In a study conducted by Sariyer et al. [48], in 2017, the aim was to investigate the demand for EMS services on the basis of time and location trends in the city of Izmir, Türkiye. The demand for 112 services in Izmir during the first six months of 2013 was evaluated. The main variables used to describe the data are time, place and status of the calls (the differentiation between emergency and nonemergency calls was made by the dispatcher physician according to predefined protocols). The analyses revealed that the demand for ambulance services varied at different times of the day and on different days of the week. For the night period, demand was greater on weekends than on weekdays, whereas for daytime hours, demand was greater during the week. For weekdays, a statistically significant relationship was observed between the call distributions of the morning and evening periods. The percentage of demand also varied according to location. Among the 30 locations, the five most frequent destinations for ambulances, which are also correlated with high population density, accounted for 55.66% of the total.

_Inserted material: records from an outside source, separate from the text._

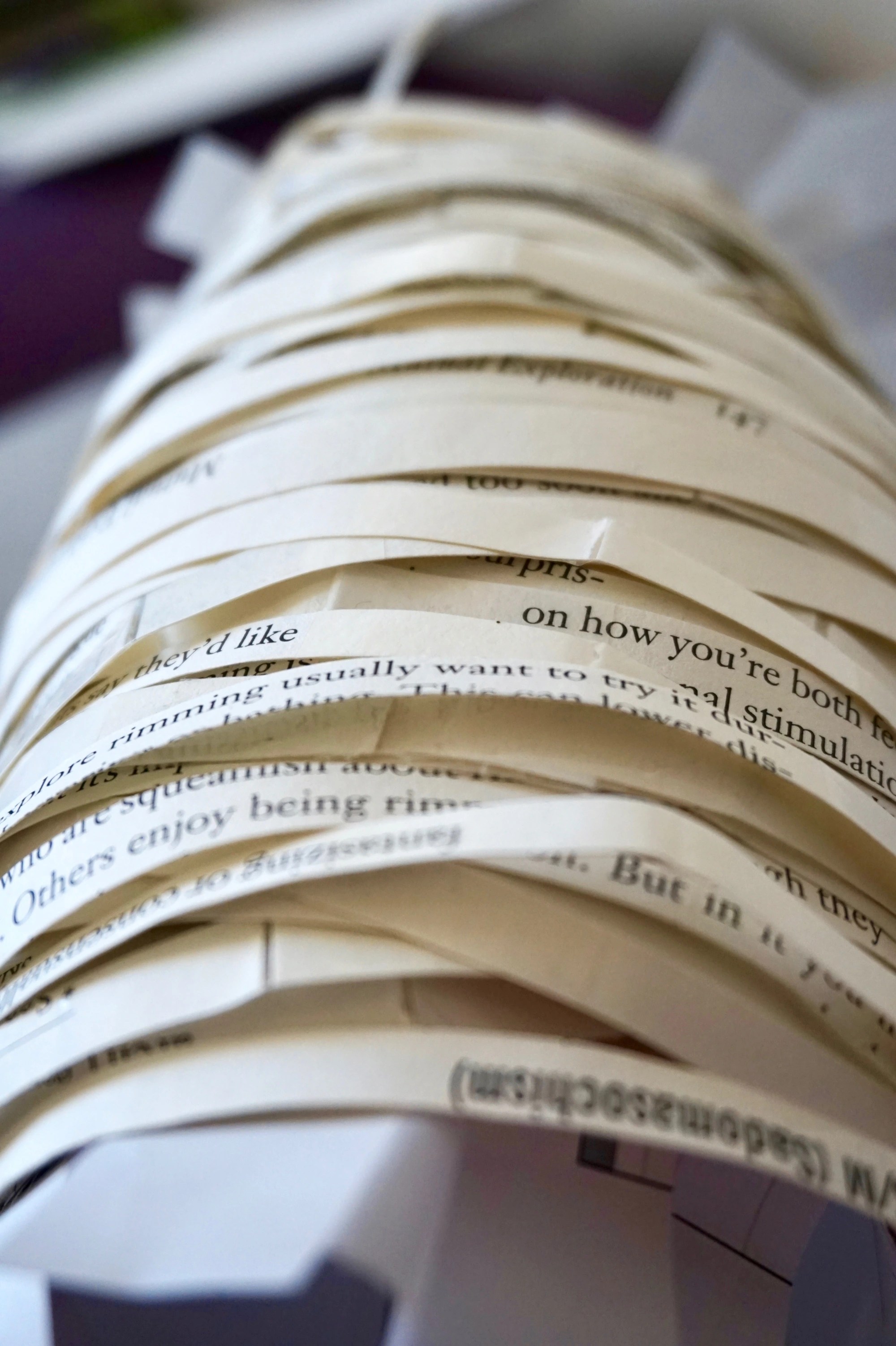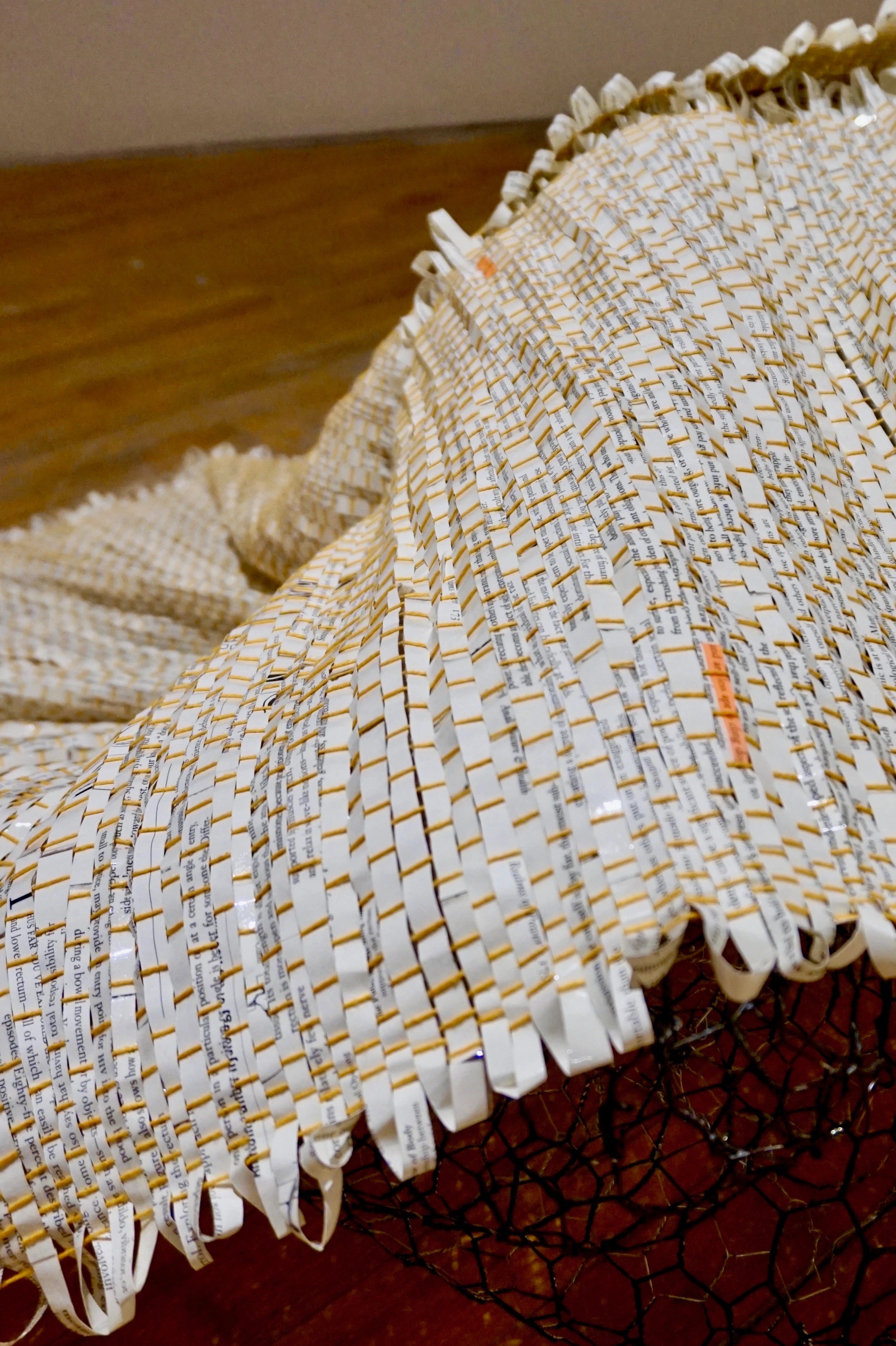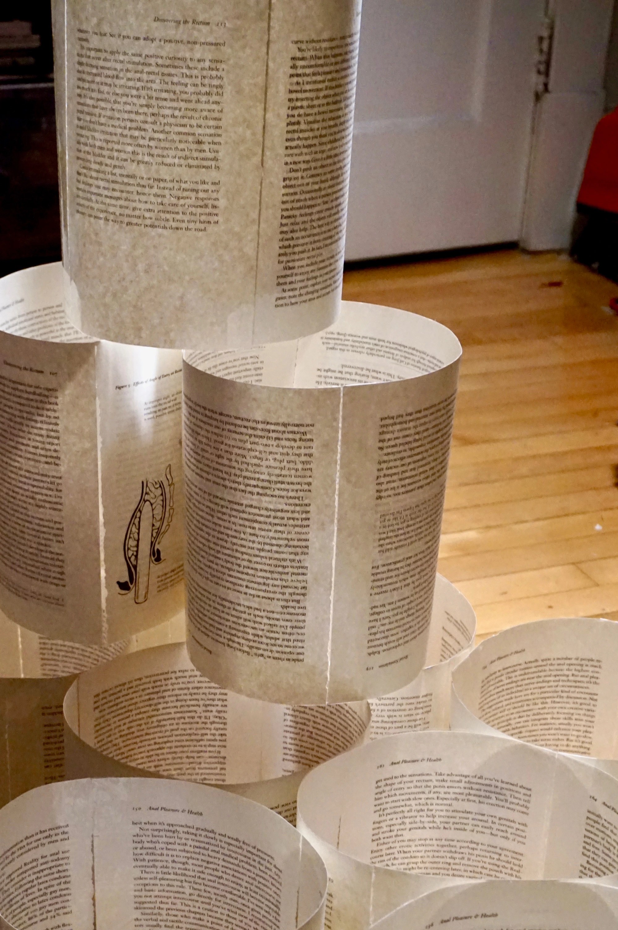 I was donated the book Anal Pleasure and Health by Jack Morin as part of my project. In his early 30s, my contributor had the realization that he was bisexual, and his family was not accepting of his sexual identity. His niece (who was in her 20s) gave him her book as a token of acceptance. Shortly thereafter, she was killed in a car accident. I had previously made a piece in this series about the sexuality aspect of this heartbreak object, and I set out to create a piece to tackle the second layer in the object: the grief of losing his niece. The paper became a shell, a blanket, a covering nearly obscuring a life-size human form underneath. Grief changes us, it immobilizes us. Everything stops.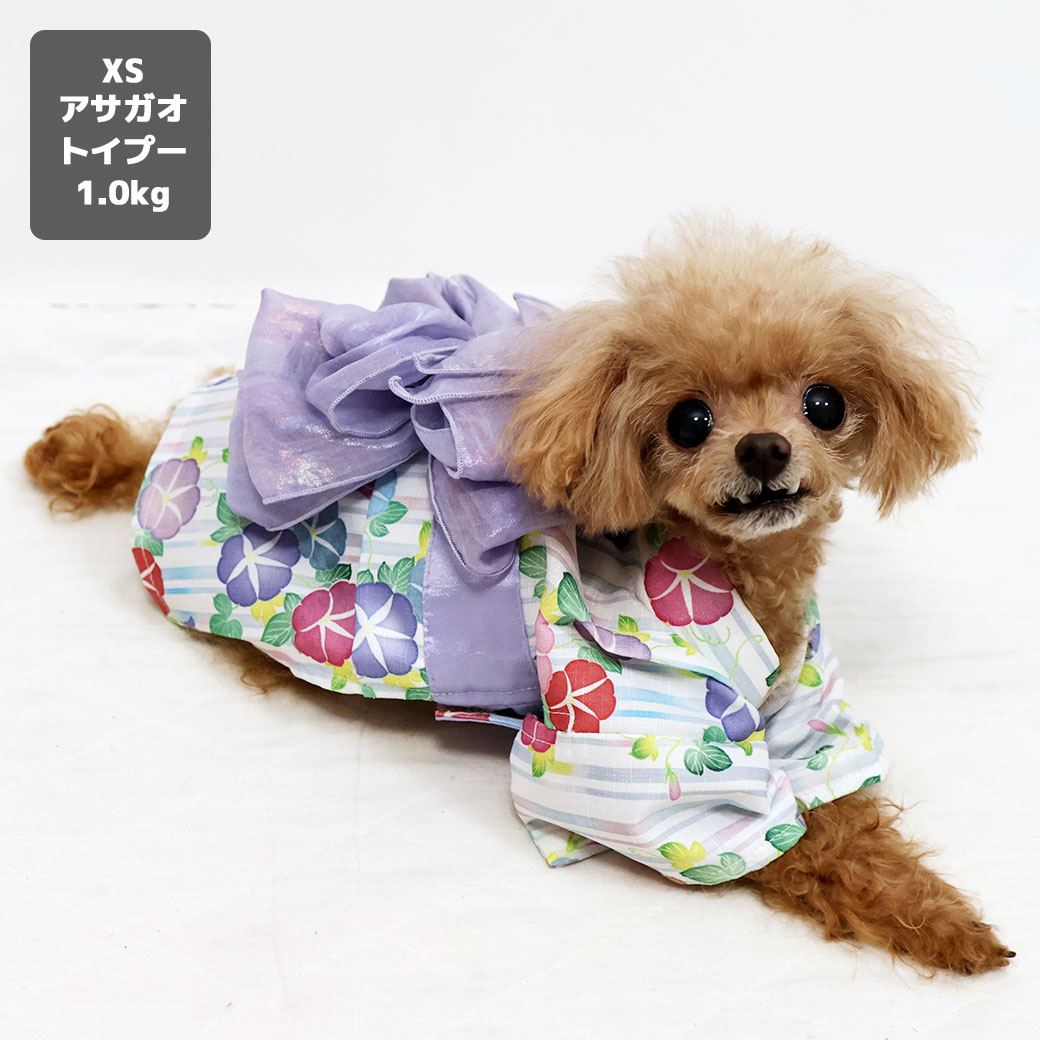 トイプー1.0kg(首14/胴25/丈17cm)のミーナちゃんはアサガオのXSを着用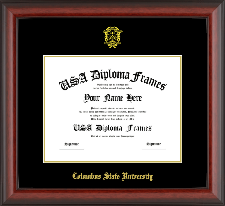 Columbus State University Diploma Frame – Cherry Mahogany Matte – Black and Gold Mat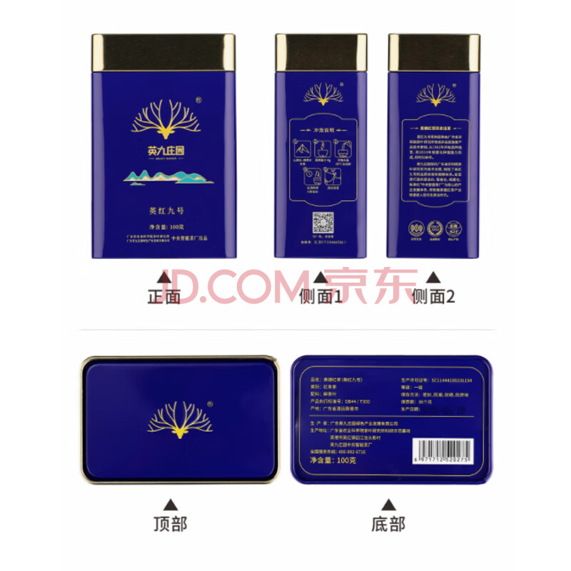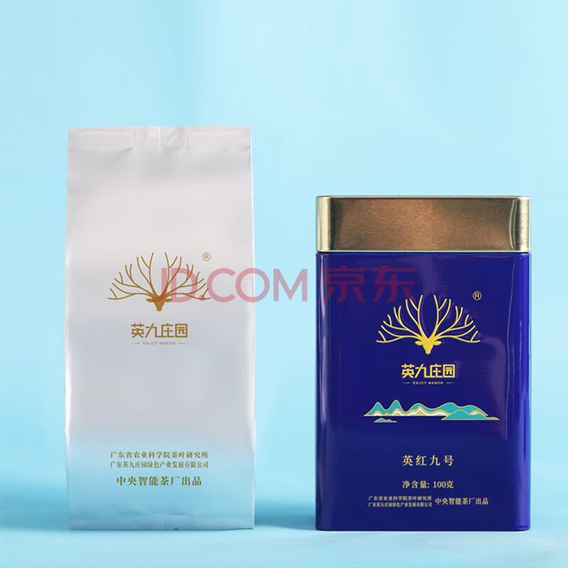 商品相册:ENJOY MANOR英九庄园 英红九号一级英德红茶小蓝罐功夫茗茶手提袋罐装 100g*2第
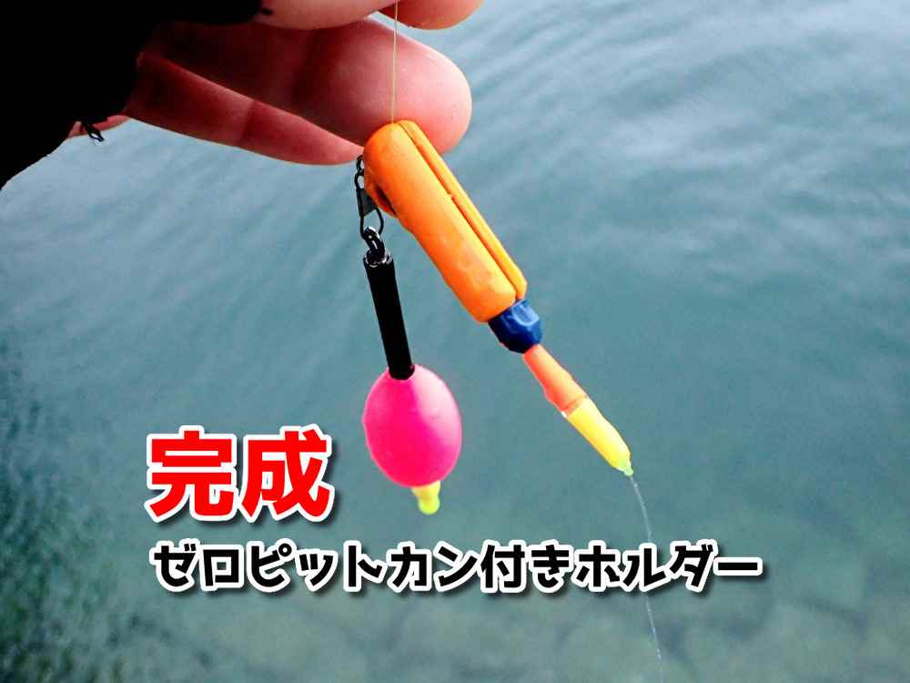 シマノからゼロピットという、道糸を切らずにワンタッチでウキを交換できる構造のウキが発売されているんですが、これ「ワンタッチでカン付きにもできたら最強では?」と思って、数年前に改造してゼロピットカン付きホルダーというものを自作しました。

This finding was in line with our results.

The ongoing delays in response times underscore the urgent need for enhanced response strategies tailored to the unique challenges faced by Zone 12. The implementation of more efficient dispatch protocols, increasing the availability of emergency personnel, and improving traffic management during peak hours are potential strategies that could help address the elevated volume of emergencies in this zone. By prioritizing these improvements, emergency services can better meet the needs of the community and ensure that residents receive prompt and effective care when they need it most.

Zone 5, similar to Zone 12 but to southern Isfahan city, plays a central role as a transit corridor, facilitating communication with a wide range of industrial towns, including Shahreza and Mobarakeh. It is anticipated that this role as a transit route will increase traffic accidents, particularly during the early morning hours. The increase in incidents during this interval can be largely attributed to the influx of commuter traffic, as workers and individuals traveling to their places of employment in industrial areas navigate through this zone. Furthermore, the traffic dynamics in Zone 5 are further complicated by the return of the workforce later in the day. As these individuals return to the zone in the evening, the volume of vehicles on the road increases significantly. The aforementioned surge in traffic during the evening hours has been identified as a contributing factor to the higher incidence of accidents, as evidenced by the research findings. The confluence of early morning commuter traffic and the evening return of workers has resulted in a pattern of heightened risk for accidents, thereby underscoring the necessity for the implementation of enhanced safety measures and traffic management strategies in Zone 5 to mitigate these risks.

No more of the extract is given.